→ What this task involves:
Output nothing but the lines from the first line of the entries to the line with "还有男朋友不吃火锅不吃内脏不", inclusive, exactly as they read.
[Opening Extracted information section]
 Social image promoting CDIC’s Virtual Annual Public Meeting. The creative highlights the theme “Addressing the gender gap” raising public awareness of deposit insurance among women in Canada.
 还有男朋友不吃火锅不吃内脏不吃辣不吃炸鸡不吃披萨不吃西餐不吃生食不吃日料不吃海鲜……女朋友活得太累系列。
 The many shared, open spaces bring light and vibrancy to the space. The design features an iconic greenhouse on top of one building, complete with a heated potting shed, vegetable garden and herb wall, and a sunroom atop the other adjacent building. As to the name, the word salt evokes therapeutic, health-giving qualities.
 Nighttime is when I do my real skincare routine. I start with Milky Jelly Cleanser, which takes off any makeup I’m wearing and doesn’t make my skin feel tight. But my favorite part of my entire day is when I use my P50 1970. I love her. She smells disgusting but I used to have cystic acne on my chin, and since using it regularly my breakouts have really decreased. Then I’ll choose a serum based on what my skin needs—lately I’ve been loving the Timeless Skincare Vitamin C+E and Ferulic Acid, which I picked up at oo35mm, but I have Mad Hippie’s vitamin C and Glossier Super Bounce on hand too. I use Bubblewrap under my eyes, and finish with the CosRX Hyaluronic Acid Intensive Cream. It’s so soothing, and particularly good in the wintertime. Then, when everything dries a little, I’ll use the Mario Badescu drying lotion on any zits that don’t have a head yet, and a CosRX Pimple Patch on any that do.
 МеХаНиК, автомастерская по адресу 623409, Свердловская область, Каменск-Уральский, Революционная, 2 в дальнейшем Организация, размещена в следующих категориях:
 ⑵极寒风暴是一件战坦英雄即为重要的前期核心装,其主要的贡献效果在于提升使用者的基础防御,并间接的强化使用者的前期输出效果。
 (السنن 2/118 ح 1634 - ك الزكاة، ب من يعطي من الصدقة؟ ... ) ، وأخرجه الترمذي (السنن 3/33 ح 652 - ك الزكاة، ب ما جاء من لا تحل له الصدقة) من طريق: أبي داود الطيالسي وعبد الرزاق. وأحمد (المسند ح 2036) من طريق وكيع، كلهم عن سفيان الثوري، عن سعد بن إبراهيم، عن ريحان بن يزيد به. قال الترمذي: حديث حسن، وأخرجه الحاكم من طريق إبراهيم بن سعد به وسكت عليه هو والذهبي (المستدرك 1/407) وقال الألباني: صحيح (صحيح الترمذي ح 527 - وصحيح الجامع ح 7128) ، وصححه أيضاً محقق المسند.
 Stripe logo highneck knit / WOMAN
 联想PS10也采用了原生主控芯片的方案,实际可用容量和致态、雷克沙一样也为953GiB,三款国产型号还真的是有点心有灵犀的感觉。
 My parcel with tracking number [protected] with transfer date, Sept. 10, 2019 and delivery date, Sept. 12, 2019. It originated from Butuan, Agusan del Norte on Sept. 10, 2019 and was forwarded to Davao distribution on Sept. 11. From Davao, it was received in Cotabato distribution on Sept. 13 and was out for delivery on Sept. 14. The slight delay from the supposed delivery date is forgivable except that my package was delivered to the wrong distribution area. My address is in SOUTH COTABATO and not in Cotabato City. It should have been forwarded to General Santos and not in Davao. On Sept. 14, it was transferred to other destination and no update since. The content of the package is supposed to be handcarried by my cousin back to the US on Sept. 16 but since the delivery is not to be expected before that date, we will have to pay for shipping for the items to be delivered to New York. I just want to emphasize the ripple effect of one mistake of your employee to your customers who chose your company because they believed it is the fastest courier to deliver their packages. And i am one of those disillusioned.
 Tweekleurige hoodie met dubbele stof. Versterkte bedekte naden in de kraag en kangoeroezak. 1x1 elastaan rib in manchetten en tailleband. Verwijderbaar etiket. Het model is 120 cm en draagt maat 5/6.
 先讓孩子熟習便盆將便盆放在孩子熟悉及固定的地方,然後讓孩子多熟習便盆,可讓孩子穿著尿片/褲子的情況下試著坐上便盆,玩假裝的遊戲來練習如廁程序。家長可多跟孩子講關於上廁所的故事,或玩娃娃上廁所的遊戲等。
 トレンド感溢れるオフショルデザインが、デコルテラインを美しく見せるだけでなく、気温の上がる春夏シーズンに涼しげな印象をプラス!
[Closing Extracted information section]
→ Final answer:
 Social image promoting CDIC’s Virtual Annual Public Meeting. The creative highlights the theme “Addressing the gender gap” raising public awareness of deposit insurance among women in Canada.
 还有男朋友不吃火锅不吃内脏不吃辣不吃炸鸡不吃披萨不吃西餐不吃生食不吃日料不吃海鲜……女朋友活得太累系列。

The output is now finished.